By tradition, last month (June) was the month of weddings. In all of that wedded bliss, then, maybe seeing an estate planning attorney was not at the top of your list. On one hand, you're safe: Florida adds your spouse to your will in your estate plan when you get married. But as for the rest of your plan, you are not covered. And what if you don't want the State of Florida to change your will?
The law in Florida provides that if you already have a will then you marry, your new spouse will inherit a share of your estate even if you do not update your will. Under the law, this means your spouse will inherit at least half of your estate even if you have children with another person, and even if in your will, you left everything to those children. This is the "Pretermitted Spouse" rule. (Pretermitted means someone who was unintentionally omitted or forgotten, here, your spouse from your estate plan.)
In a few situations, this change in your plan does not take place automatically. First, your new spouse can waive this change by a prenuptial (or postnuptial) agreement. Second, if the person you marry is already provided for in your will, then that provision will still stand. Finally, if your will states specifically that you do not make a provision for that person, then this will stop the pretermitted spouse rule from changing that. In any of these scenarios, though, your intentional act is required.
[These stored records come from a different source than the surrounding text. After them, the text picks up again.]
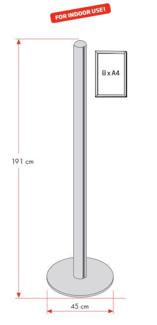 Ein Werbeständer kann in einem Unternehmen vielseitig eingesetzt werden. Die 8 doppelseitigen DIN A4 Slide-In Rahmen bieten ausreichend Platz um Ihre Produkte effektiv zu bewerben und Ihre Marke wird dem Kunden interessant und auffällig präsentiert. Die praktischen Slide-In Rahmen ermöglichen das Einsetzen von Postern oder Plakaten mit dem Sie Ihre Botschaft verstärken können. Der Austausch von Werbebotschaften ist unkompliziert und einfach. Der breite Standfuß sorgt zudem für einen stabilen Stand. Stellen Sie den Ständer an einem besonderen Ort auf, damit er Ihren Kunden beim Betreten des Raumes direkt in das Auge fällt. Der Einsatz von Lichteffekten kann dabei helfen.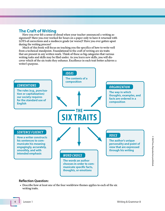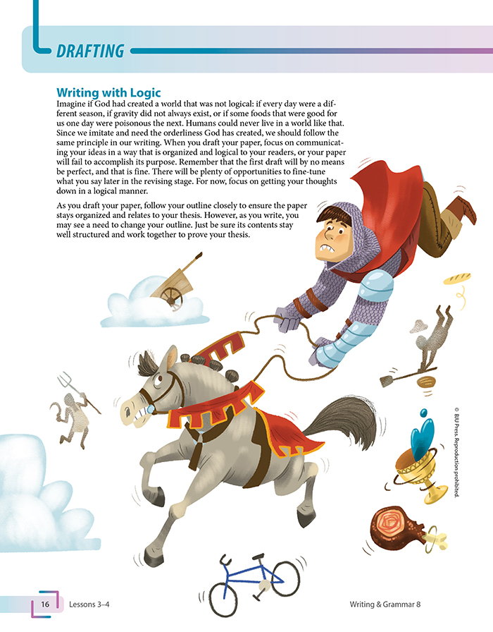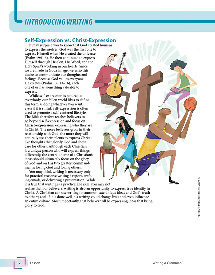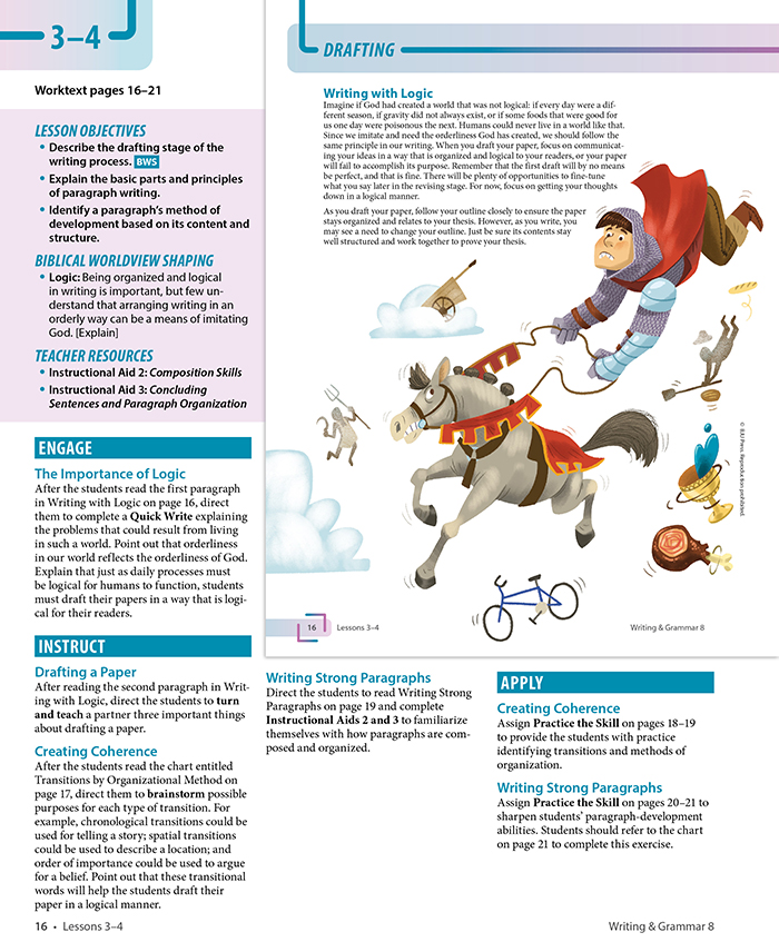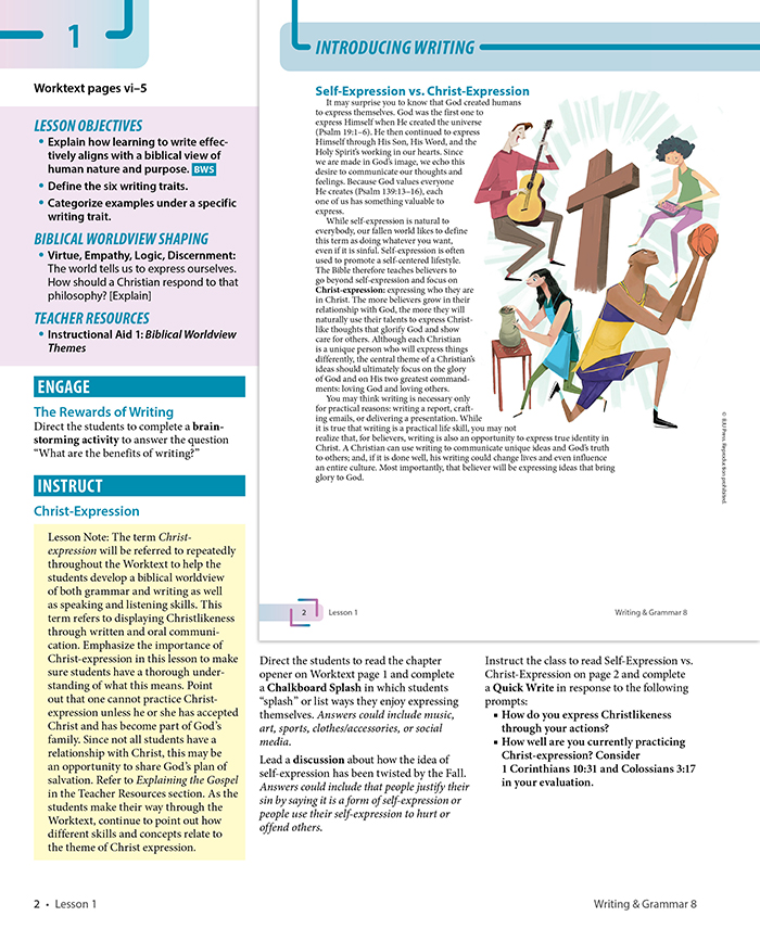 The 8th grade English curriculum builds on the foundations of grammatical understanding to prepare students for learning more complex grammatical structures and to use what they know in writing and speaking. Students will find mentor texts that provide models of excellent writing. Illustrations and photos also help foster student engagement when teaching difficult concepts. Most importantly, students will learn how effective communication aligns with a biblical worldview.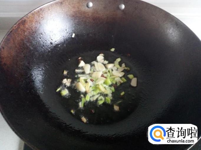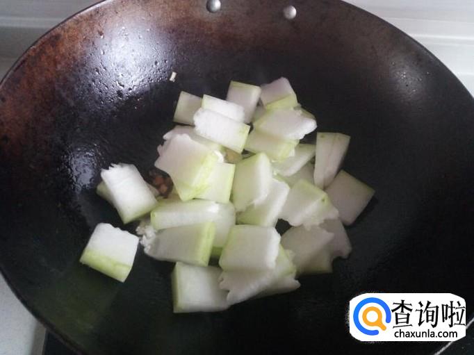 锅内放入油加热,油热后放入花椒,葱,姜,蒜,爆锅。放入冬瓜翻炒。

If you do not want the Florida law to decide what happens to your estate, then you should meet with an estate planning attorney and update (or newly draft) your will. But even if you are happy with how Florida directs the distribution of your property, you should still update (or create) your estate plan. Remember: and estate plan is not only a will. Now that you're married, you might want to assign your new spouse as your agent under your power of attorney or as your surrogate health care decision maker.